NCEAS / metadig-engine

MetaDig Engine: multi-dialect metadata assessment engine
7 stars 5 forks source link

Is the Solr endpoint still needed? #284

Open gothub opened 3 years ago

gothub commented 3 years ago

@mbjones @laurenwalker @csjx

The metadata assessment Solr endpoint has not been available outside of the NCEAS domain for about 2 years now (via ufw rules to exclude outside access).

We had made the decision to discontinue efforts to have MetacatUI query this endpoint to aggregate assessment info to create D3 based graphics inside MetacatUI, due to data volume and resulting lag time between initiating a query and displaying a graphic.
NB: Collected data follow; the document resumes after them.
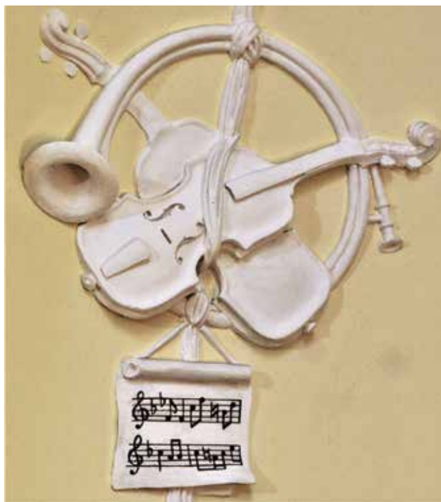
23. Clemente i Giacomo Somazzi, glazbeni trofeji, župna crkva svetog Antuna Opata, Veli Lošinj

Music trophies in the eastern salon, Sugar Refinery Palace, Rijeka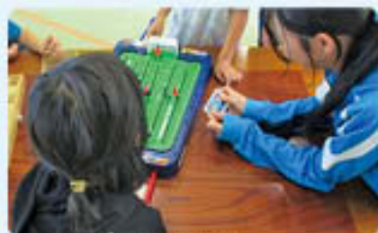
南条児童館 子ども達とゲームに熱中♪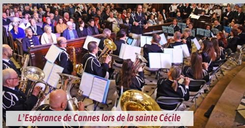
L'Espérance de Cannes lors de la sainte Cécile

Les musiciens de l'Espérance de Cannes ont donc encore plus à cœur de mener à bien cette année de centenaire, en hommage à leurs présidents.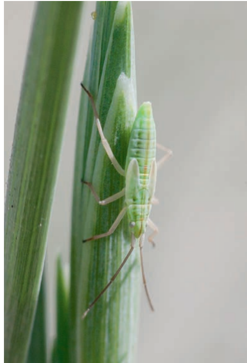
Figuur 3. Trigonotylus psammaecolor , nimf.

Camping Seedune, AC 206-611, 4.VI.2011, 4 ♂, 1 ♀ van spar, DH. Bekend van de Oost- en Noord-Friese eilanden (Bröring et al. 1993).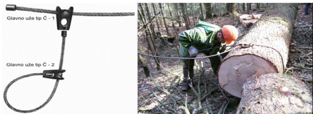
Slika 10. Prikaz glavnog vučnog užeta i čelične omče

Kopčlaš pronalazi izrađene drvene sortimente i navodi traktoristu do istih. Nakon toga kopčlaš razvlači glavno vučno čelično uže – sajlu do drvnih sortimenata, a svaki drveni sortiment veže čeličnom omčom (tzv. Čoker).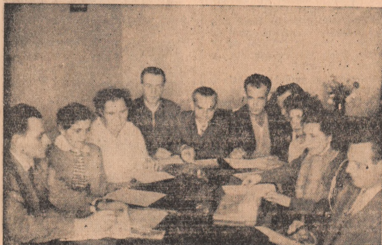
Biroul organizației de bază de la fabrica „Ardeleana” la prima ședință.

În cadrul hotărârii adoptate s-au stabilit măsuri pentru lichidarea acestor lipsuri, pentru îmbunătățirea continuă a muncii politice de masă.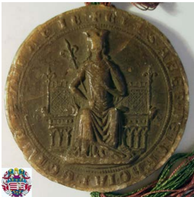
1. kép – Izabella (Erzsébet) királyné pecsétjének előlapja, 1278 (ld. a 8. jegyzetet)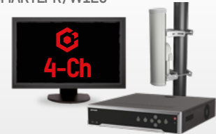
Paquete HikCentral-P-VSS-Base 4Ch-SMARTLPR/W120

Will we need to use Solr in the future to retrieve and aggregate assessment scores?

For reference, here is an example Solr document:

        "metadataId":"doi:10.18739/A2ZC8P",
        "formatId":"https://nceas.ucsb.edu/mdqe/v1",
        "runId":"d3405650-cff6-481f-9f0d-95e62e5f7f56",
        "suiteId":"arctic.data.center.suite.1",
        "timestamp":"2019-09-16T23:23:46.148Z",
        "datasource":"urn:node:ARCTIC",
        "metadataFormatId":"eml://ecoinformatics.org/eml-2.1.1",
        "dateUploaded":"2016-04-02T08:22:35.117Z",
        "obsoletes":"urn:uuid:ef9a28cd-c3c6-40ec-b05a-a7e2b57ad2b5",
        "sequenceId":"urn:uuid:5bd73e7a-c875-429b-8ad3-060e42079ccc",
        "funder":["1107792"],
        "funderInfo":["Collaborative Research: Toward a Circumarctic Lakes Observation Network (CALON) (NSF 1107792)",
          "Collaborative Research: Toward a Circumarctic Lakes Observation Network (CALON)",
          "NSF",
          "1107792",
          "AON-Arctic Observing Network",
          "040100 NSF RESEARCH & RELATED ACTIVIT"],
        "rightsHolder":"CN=arctic-data-admins,DC=dataone,DC=org",
        "group":["CN=arctic-data-admins,DC=dataone,DC=org"],
        "checksPassed":14,
        "checksWarned":3,
        "checksFailed":1,
        "checksInfo":9,
        "checkCount":26,
        "scoreOverall":0.93333334,
        "scoreByType_identification_f":1.0,
        "scoreByType_interpretation_f":0.5,
        "scoreByType_discovery_f":1.0,
        "_version_":1644876243614564352,
        "isLatest":true},
mbjones commented 3 years ago

Possibly. We still need an API to download run-level scores and check-level scores, rather than individual reports. Let's talk about how the service will deliver both data for various collections and the graphics that go along with that.